Civilization
The Legal Logic Behind U.S. Operations Against Narco-Terrorist Networks
Narco-terrorist actors present a serious problem, and the military has an ethical problem as the appropriateness of its response.
The Debate America is Having Right Now
Americans are watching a difficult story unfold.
Since early September 2025, the United States has conducted a series of airstrikes against vessels in the Caribbean and Eastern Pacific, in what the administration has named Operation Southern Spear, a maritime campaign positioned as a mission to disrupt narco-terrorist actors on 22 vessels, with more than 80 people killed.

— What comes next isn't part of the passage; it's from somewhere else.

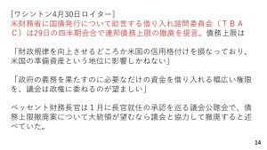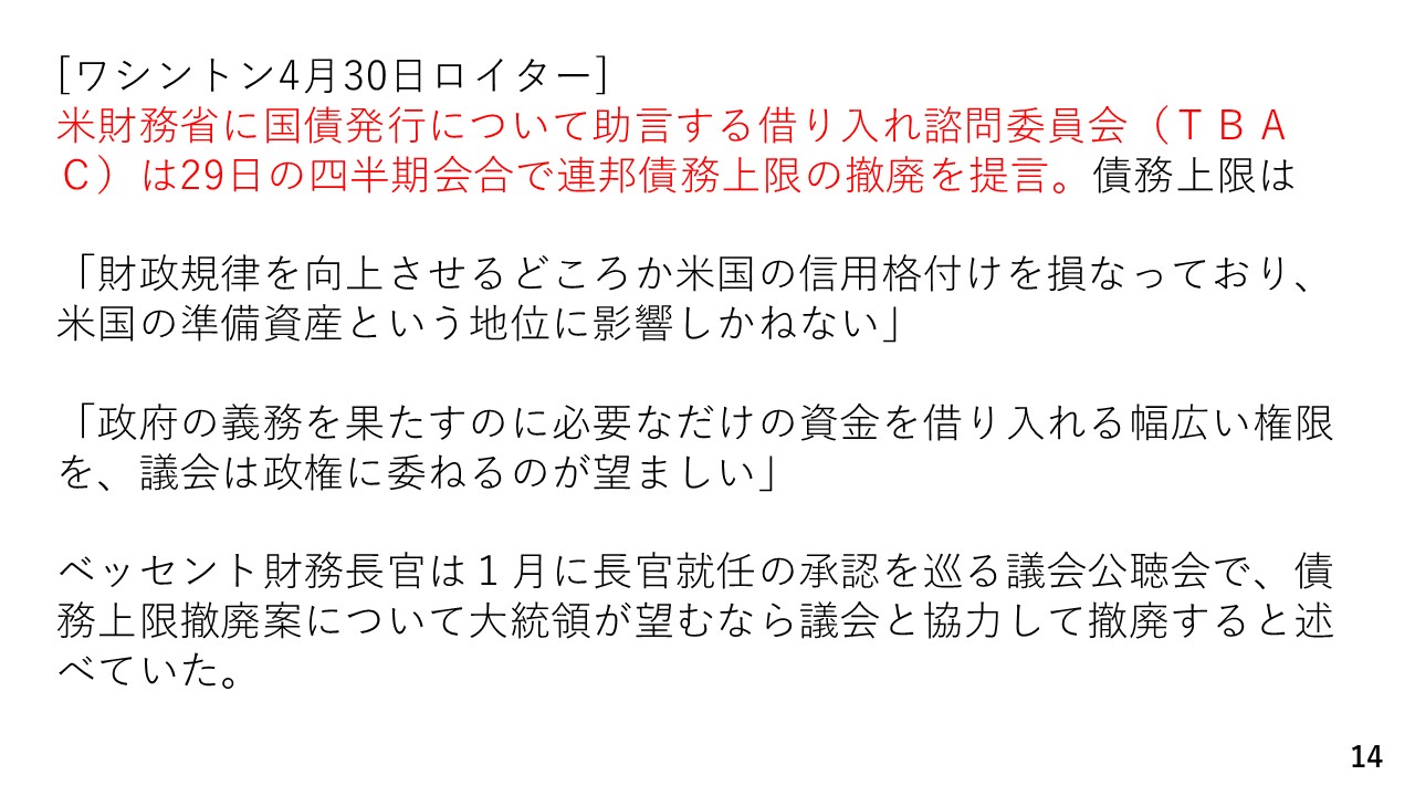 最後に気になったニュースを1つご紹介します。米国の国債発行について助言をする借り入れ諮問委員会が債務上限の撤廃を提言したというものです。
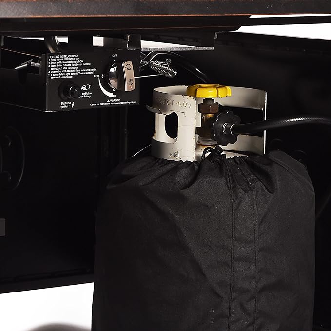 - This set comes with two loveseats, two swivel rocking chairs, quick drain cushions, glass wind blocker, clear fire glass, a table lid, propane cover and a protective fabric table cover

A 2 September 2025, strike on a Venezuelan-linked boat has become a flashpoint. According to media accounts, an initial strike destroyed the vessel and killed most aboard; a second strike allegedly targeted two survivors in the water. Some reports attribute the follow-on strike to a “leave no survivors” directive, while the Pentagon now states that the decision for the second engagement was made by the operational commander, Admiral Frank Bradley, in his role as head of the Southern Spear task force.
In academic forums, a Former JAGs Working Group has warned that if allegations of an order to “kill everybody” are accurate, both the issuance and execution of such an order would be unlawful under the law of armed conflict (LOAC). At the same time, the Department of War has defended the campaign as targeting designated terror organizations and has emphasized that U.S. Special Operations Command (SOCOM) “called for” the controversial second strike but did so within a framework vetted by “the best military and civilian lawyers up and down the chain of command.”
Legal scholars can’t decide on how to fight narco-terrorist actors
Legal scholars are sharply divided. A growing collection of essays at Just Security and related fora argues that the operation “stretches the applicable international law rules and their interpretation beyond recognition” and warns foreign partners that providing intelligence may risk complicity in unlawful killings. Public perception is understandably split. Some see a hard-edged but necessary response to lethal drug flows. Others fear extrajudicial killings at sea.
This article does not attempt to adjudicate the facts of any specific strike. I cannot, and I will not. Instead, I write as an active-duty Judge Advocate who has advised real-world strike cells to explain how U.S. targeting doctrine works, how LOAC frames decision-making, and why Americans can still have confidence in the professionalism of their service members even as investigations and debate continue.
Before we can discuss LOAC, however, we must acknowledge a foundational issue being debated in the legal, public, and academic communities: the United States is not confronting small-scale smugglers. It is confronting highly organized, transnational narco-terrorist networks whose operations—including maritime fentanyl trafficking—predictably kill mass numbers of Americans each year. Whether one agrees or disagrees, this raises a serious and evolving legal question: when an organized armed group routinely inflicts strategic-level lethal effects on a state’s population, does the conflict approach, or cross into, a non-international armed conflict (NIAC)? This is necessary context for evaluating the legality of current U.S. operations against designated narco-terrorist actors.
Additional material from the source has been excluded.